Good fantasy stories always provide inroads (and off-ramps) between our world and those imagined. While cinematic reality can be bent to the whims of the CGI wizards, entertainment is always measured in terms of what works and what doesn’t.
What Christopher Nolan seems to get that many other modern storytellers don’t is that a story is essentially a mental exercise in suspended disbelief. Never mind the pitfalls of discriminating between fiction and non-fiction, abstract representation in the story is the suspension of “the real” or “what happens to be the case” in lieu of a “supposing”. Even stories most connected to realism require the framing device of removed perspective, the volunteerism of directing one’s attention to certain aspects of reality, certain pieces of the whole. Realism doesn’t claim to represent reality but rather couches itself within the ethos of “you were not there; you would not know without my telling” so that the telling becomes a “supposing” of real events.

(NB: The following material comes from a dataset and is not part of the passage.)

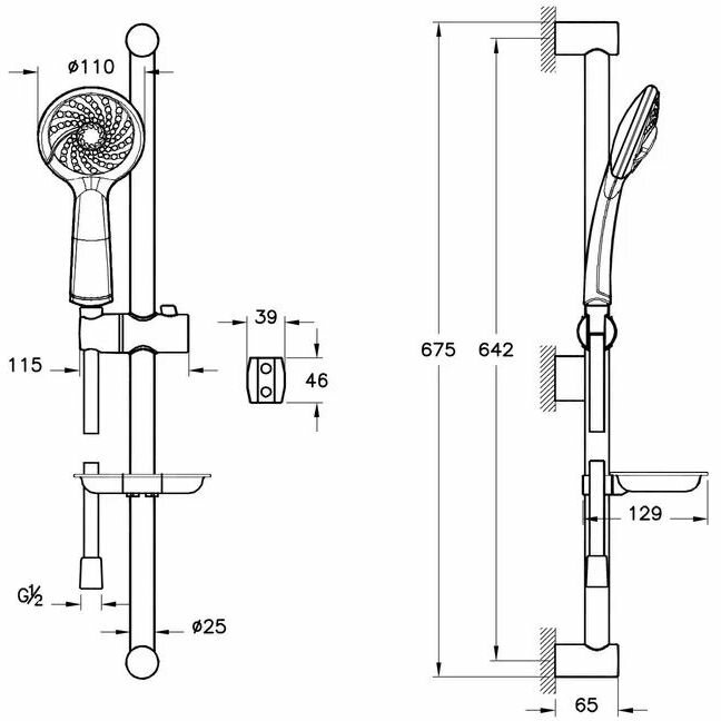 | Дополнительная информация | высота стойки для душа: 640 мм; диаметр душевой лейки: 110 мм |

Still, while realism serves as the baseline of seeing outside of oneself into abstraction, fantasy extends this “supposing” to impossible things and not just “things that happen not to be the case”. The fantasy world runs alongside the abstract one, and the process of “supposing” inherent to understanding any story extends even further into genre. The fantasy exercise is extremely aesthetically rewarding, which no doubt speaks to why fairy tales are so popular; they are like that famous description of Casablanca’s Rick Blaine, “like most men [or stories] except moreso.”
Inception is a wonderfully dizzying example of the kind of story we work to understand that equally rewards our efforts in the currency of an imagined world.